In 2023, BIR asked for P600 million from the fund, less than two percent of the total P32 billion. This would have been used for the purchase of vehicles for its field operations, laboratory and monitoring equipment, and for its tracking system. As activities shift to importation, this could also aid in the enforcement of imported articles.
Unfortunately, not a single centavo was handed out to the BIR.
“With the enormity of the numbers at P32 billion, why are we not capacitating the agencies? The fact that nothing is being released or used—there lies the problem,” Sabariaga told The STAR.
Under the law, the fund was designed to help enhance the efficiency of government agencies while assisting farmers in improving their livelihood.
“Nation-building and enhanced regulation go hand in hand,” said economist Julieta Delos Reyes of the University of the Philippines – Los Baños.
“By addressing the illicit tobacco trade, we are not only protecting our citizens but also strengthening our economy and ensuring a prosperous future for generations to come,” she also said.
It is not the first time that concerned agencies such as the NTA and the BIR, as well as local government units, have called for the release of the Tobacco Fund.
During the Aquino administration, former BIR commissioner Kim Henares supposedly lobbied to tap the fund but to no avail.
Unresolved ‘mystery’
It remains a mystery for Sabariaga why the government, under the past eight administrations, has not addressed the matter, especially at times when the industry faced a plethora of challenges such as rampant smuggling and the growing popularity of alternative tobacco products coupled with farmers’ woes of lack of capital and technical support.

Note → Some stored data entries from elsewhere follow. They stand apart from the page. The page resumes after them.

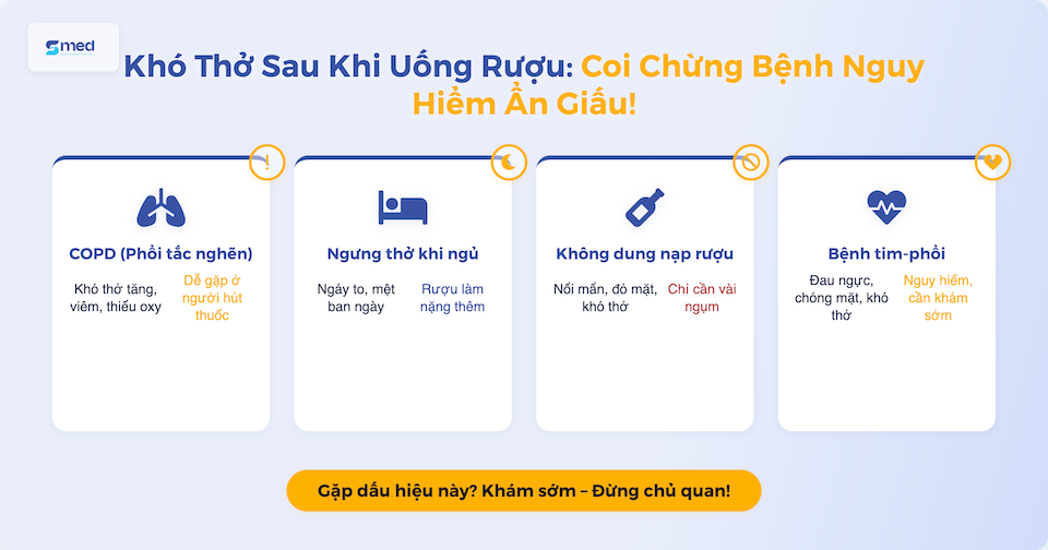Uống rượu vào khó thở có thể là dấu hiệu cảnh báo của nhiều bệnh lý nghiêm trọng, bao gồm COPD, ngưng thở khi ngủ, không dung nạp rượu và hội chứng tim-phổi. Việc xác định nguyên nhân chính xác sẽ giúp bạn chủ động điều trị sớm và tránh biến chứng nguy hiểm.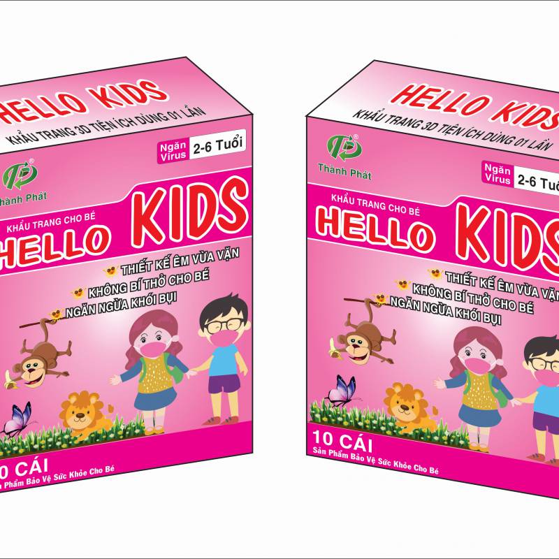 - Cấu tạo khẩu trang Hello Kids được làm bằng 3 lớp vải dày, trong đó sử dụng vải SMS cao cấp đầu tiên tại Việt Nam. Với tính năng lọc bụi, lọc khuẩn, ngăn ngừa khói bụi cho bé khi đeo.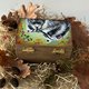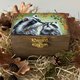 Fairy gift for an animal lover. Two lovely raccoons - mother and baby - are looking at each other so gently. Inside the box, there is a tiny painting of mushrooms. The wooden box has a convenient lock not to let things fall out. Suitable for storage of jewelry or some little memorable things.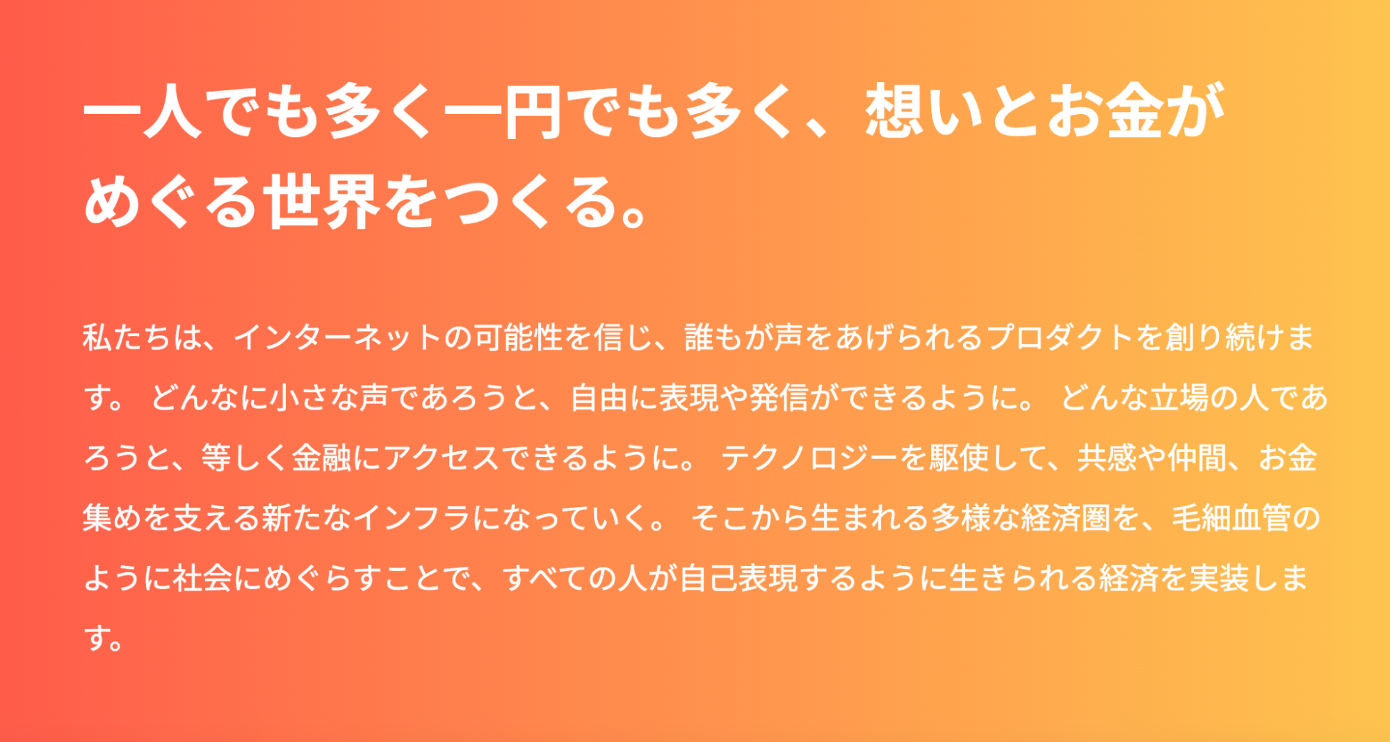 「一人でも多く一円でも多く、想いとお金がめぐる世界をつくる。」をミッションに掲げ、国内最大級のクラウドファンディング「CAMPFIRE」を運営しています。個人やクリエイター、企業、NPO、学校、地方自治体など様々な方に活用いただいています。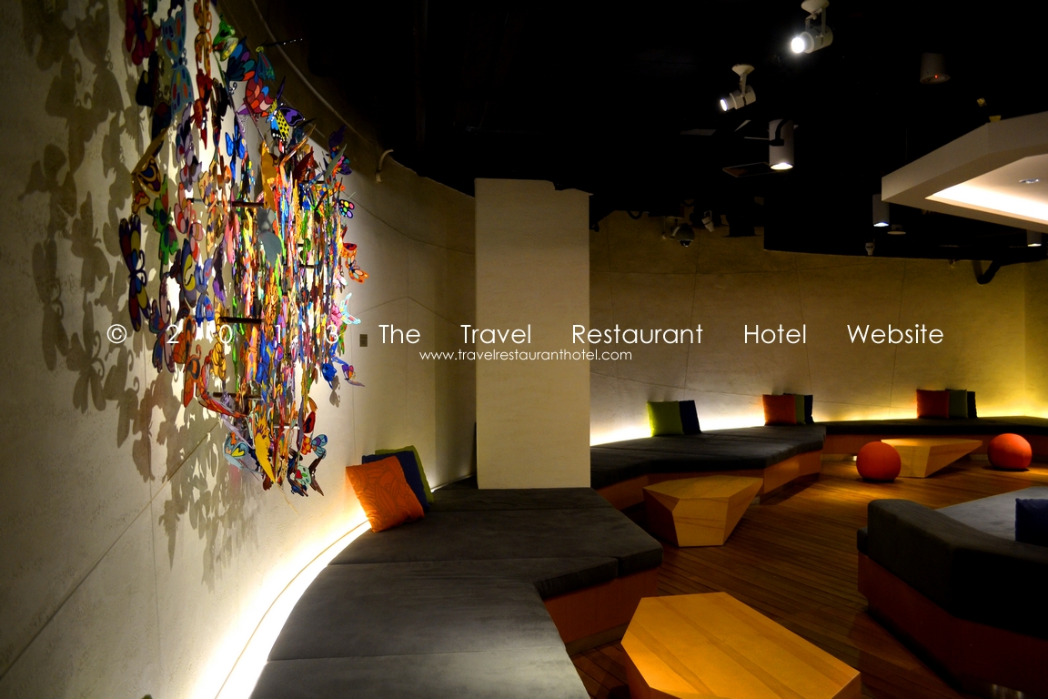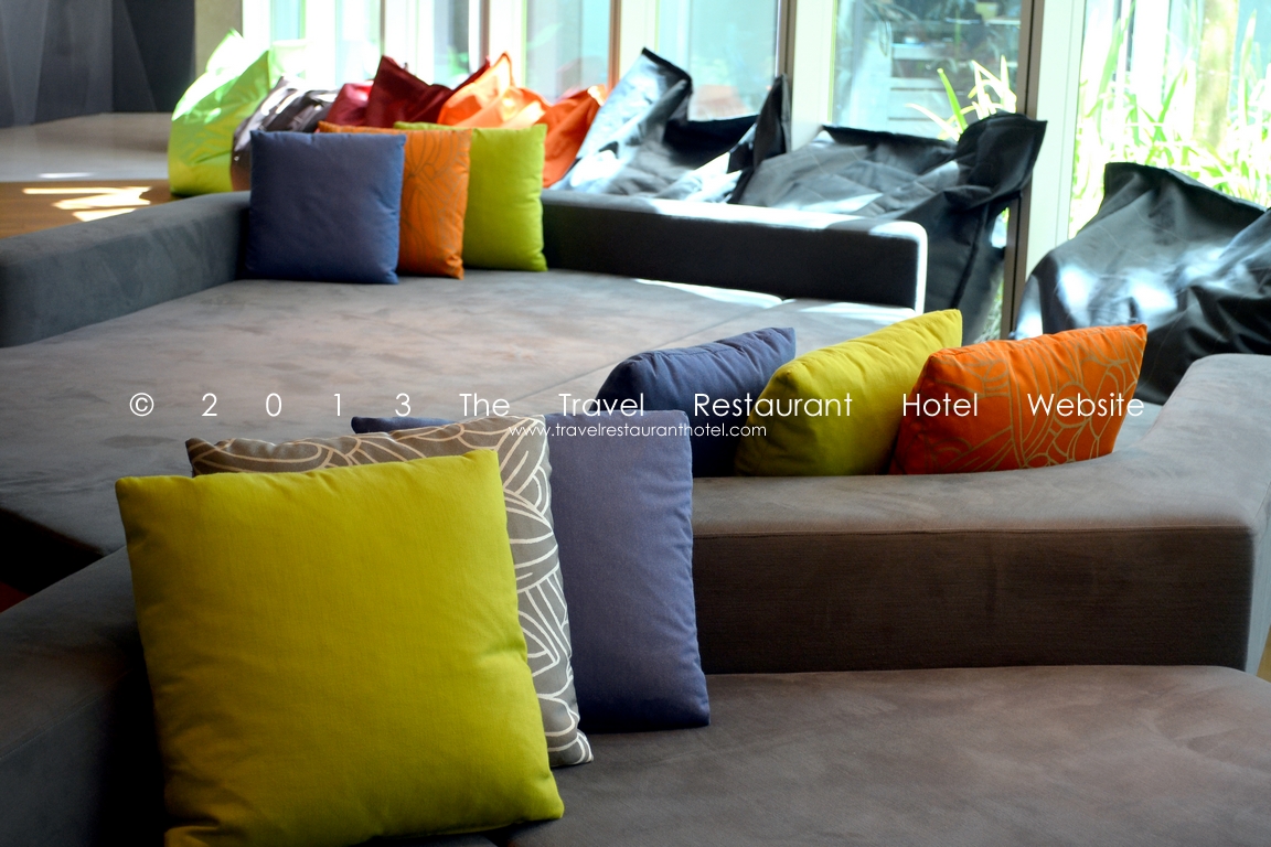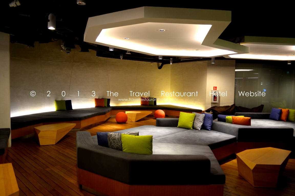 The ground floor showcases “seamless” design. Areas “flow” seamlessly into one another—the reception flows into the business corner, which flows into a lounge area, complete with bean bags and many cushions. The idea is that patrons/ guests can order a coffee/ drink and “curl” up on a bean bag/ funky cushioned bench. The lounge flows into the bar, which flows into the restaurant, which flows into the deli.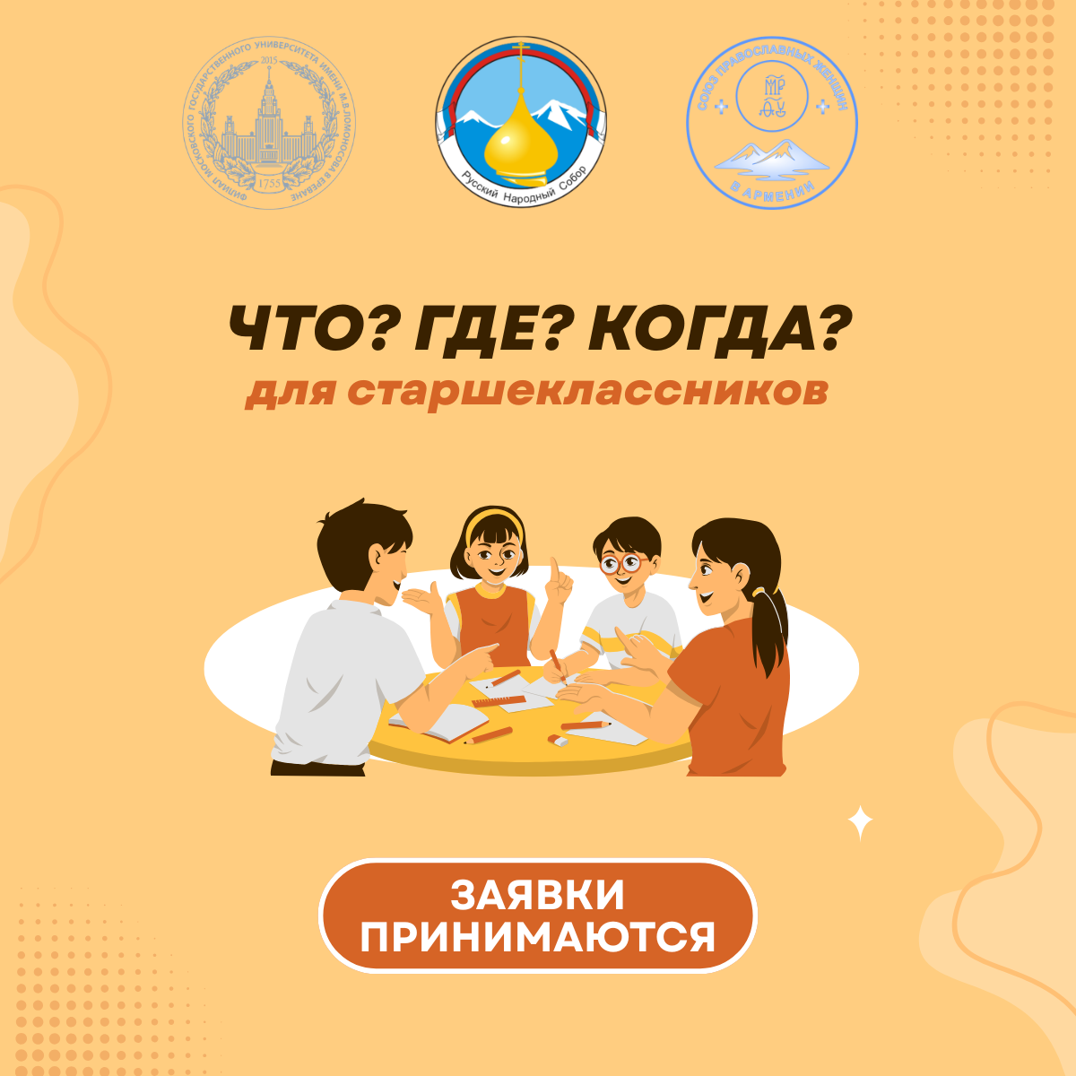 Филиал Московского государственного университета имени М.В.Ломоносова в Ереване совместно с общественными организациями «Русский народный собор» и «Союз православных женщин» приглашает учащихся старших классов общеобразовательных школ Республики Армения принять участие в чемпионате по интеллектуальным играм «Что? Где? Когда?» в рамках проекта «Русская КНИГА». Ближайшая игра планируется к проведению в середине апреля 2026 года. Мероприятие пройдет на […]

Sabariaga can only guess: It’s a highly political matter.
“That’s the official statement that you can see from history. The fact that it’s been there for so long, nothing has been spent. That’s political,” he said.
Tobacco belongs to what the BIR calls the “three products that do harm” alongside alcohol and sugar-sweetened beverages. Taxes for these sin products were raised to fund the Universal Health Care Law that would supposedly give every Filipino access to more comprehensive health care services.
Oddly enough, the country wanted to bring down tobacco use prevalence by increasing taxes, and yet the government is also expecting higher revenues from the sin products.
Once you cut down on tobacco production and usage, where do you now get the resources to fund rising medical costs?
Sadly, Sabariaga said the Philippines has long been half-hearted on this matter. Politically and behaviorally, the country is a fence-sitter who cannot make up its mind and instead sticks to being neutral on an issue.
“The government should really take a hard stance on being a regulator. The shameful tag that we are getting is that we are a ‘cuddler’ of this industry because we are half-hearted. Because, admittedly, we are a poor country and we need the revenues,” Sabariaga said.